El primero se refiere a lo que ocurre dentro de los medios, a su decisión de otorgar espacios y atención al tema. Aquí es obvio considerar que la inseguridad, en cualquiera de sus expresiones, constituye actualmente uno de las principales preocupaciones de la sociedad mexicana, ámbito en el que los medios tienen su público. Si no hubiera problema no habría cobertura, si no hubiera preocupación y las acciones gubernamentales no fueran percibidas cada vez más como ineficaces, no habría la cobertura mediática que hoy tenemos.
En segundo lugar está la intensa competencia informativa que se da actualmente en los medios, elemento importante para entender la gran cobertura –exagerada para el gobierno– que se da al tema. Ningún medio desea quedar fuera de la cobertura, pero la competencia exige presentar cosas que los otros medios no tienen y también presentar la información de la manera más atractiva posible. En el mejor de los casos, un medio compite con exclusivas y profundización sobre el tema; en el peor con exageración y aun amarillismo. Pero todos luchan por estar en la jugada informativa. A quien hace amarillismo o exagera se le puede cuestionar desde la ética periodística, pero no significa, necesariamente, que sea parte de una conjura.
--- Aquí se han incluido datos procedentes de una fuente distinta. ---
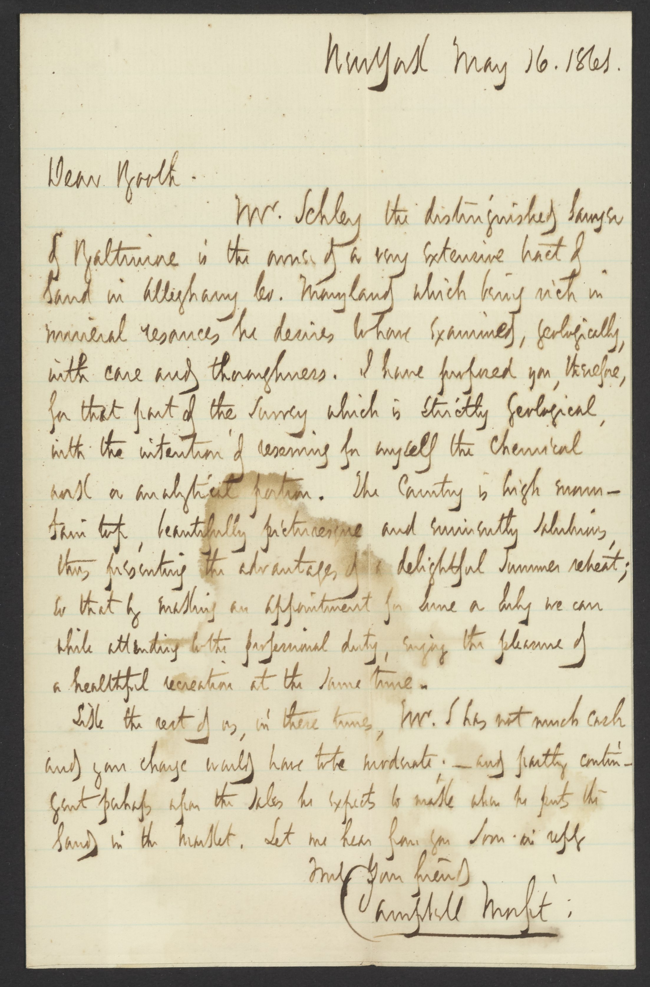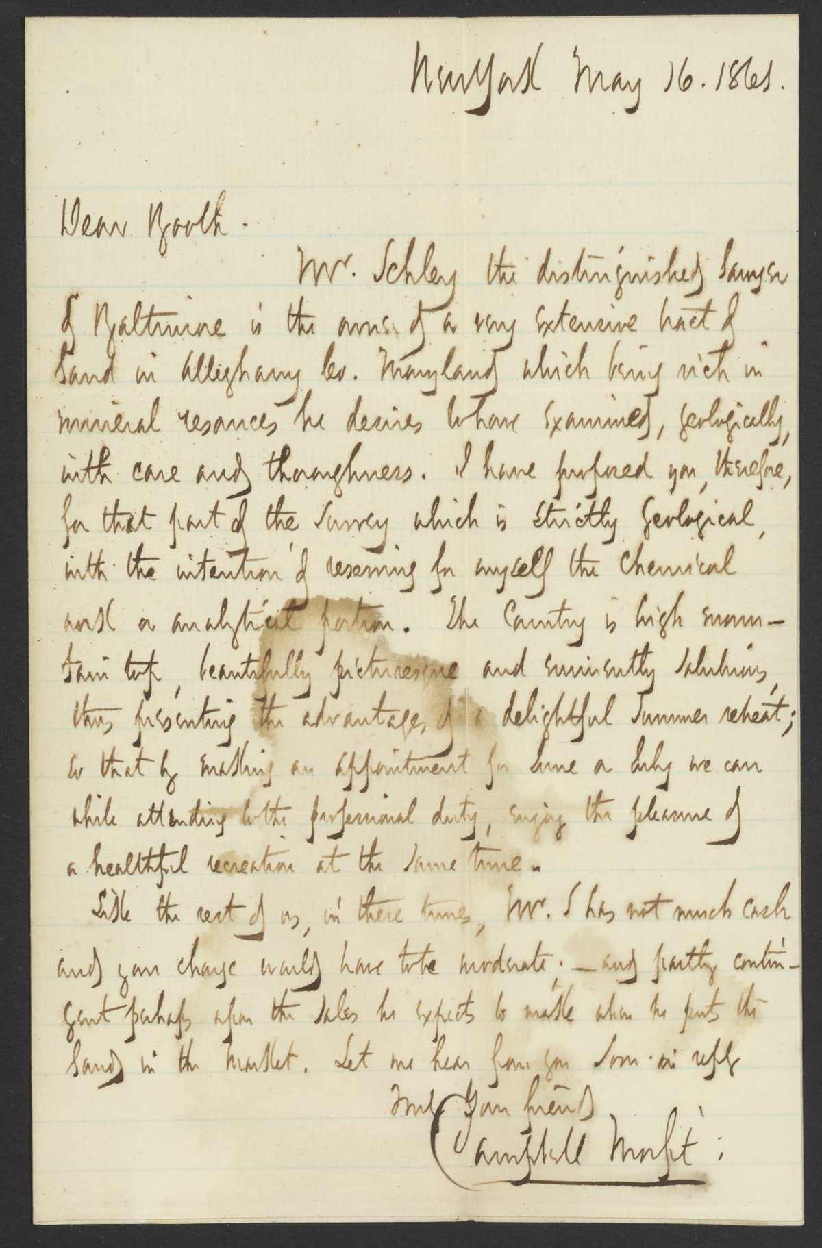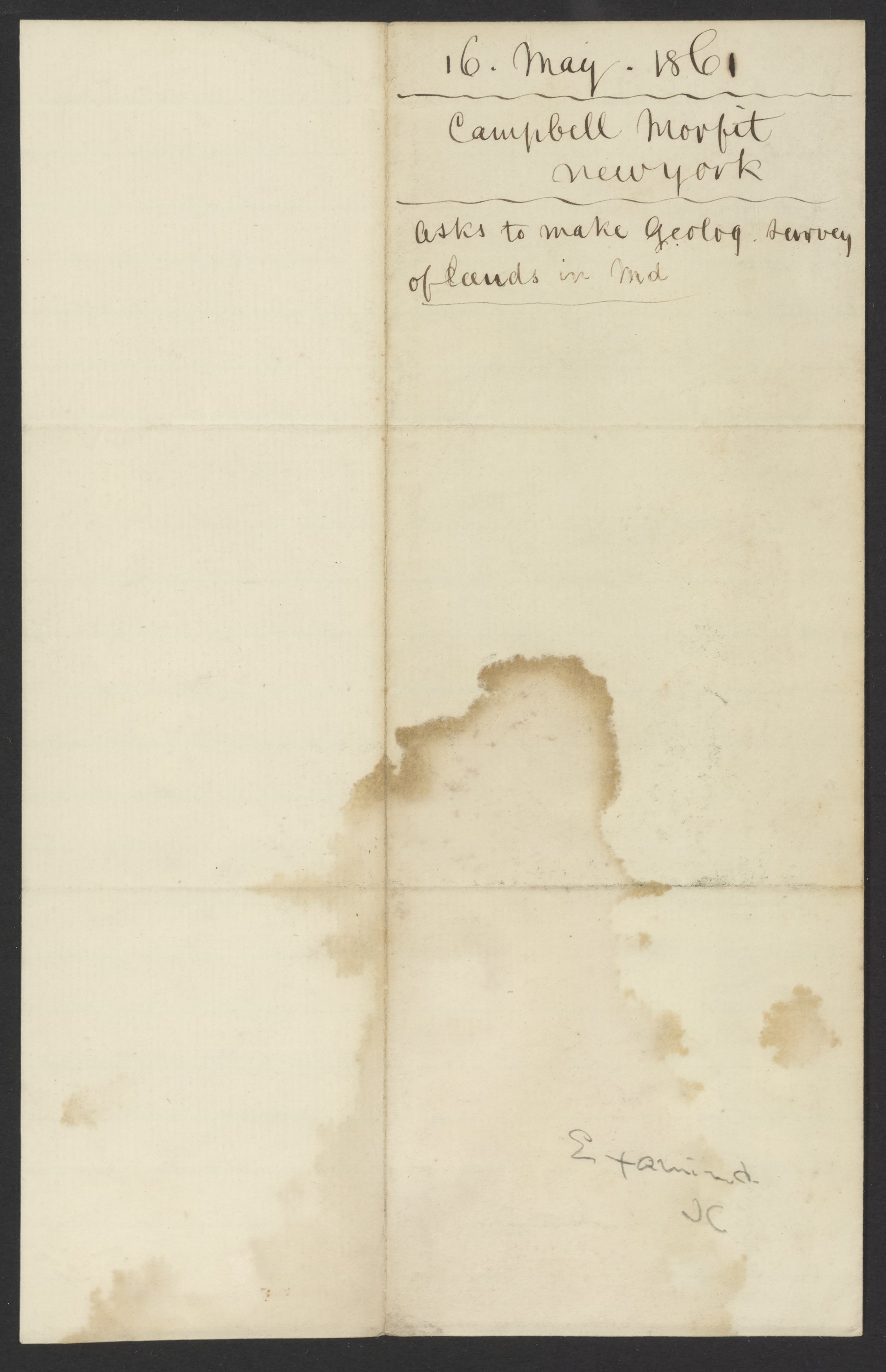 Small JPG1200 x 1822px — 294 KBFull-sized JPG2206 x 3350px — 743 KBOriginal fileTIFF — 2206 x 3350px — 21.2 MBCampbell Morfit (1820-1897), a distinguished chemist from the United States, co-editor with James Curtis Booth (1810-1888) of the Encyclopedia of Chemistry (1850), writes to offer Booth the chance to conduct a geological survey of some lands in Maryland.

Hoy se vive en México una situación de gran libertad informativa. Hay medios y periodistas que tratan de profundizar en un tema a través de la investigación y abordarlo profesionalmente; hay quienes privilegian, en uso de su derecho, la opinión y la crítica por encima de la investigación; hay quienes utilizan una tribuna periodística para exponer sus animadversiones o sus inclinaciones ideológicas y hasta sus rencores personales o políticos.
Todo eso existe. La realidad de los medios actualmente va más allá del blanco y el negro. Así convendría verla antes de referirse a conjuras mediáticas que quizá puedan existir, pero, en todo caso, habría que probar.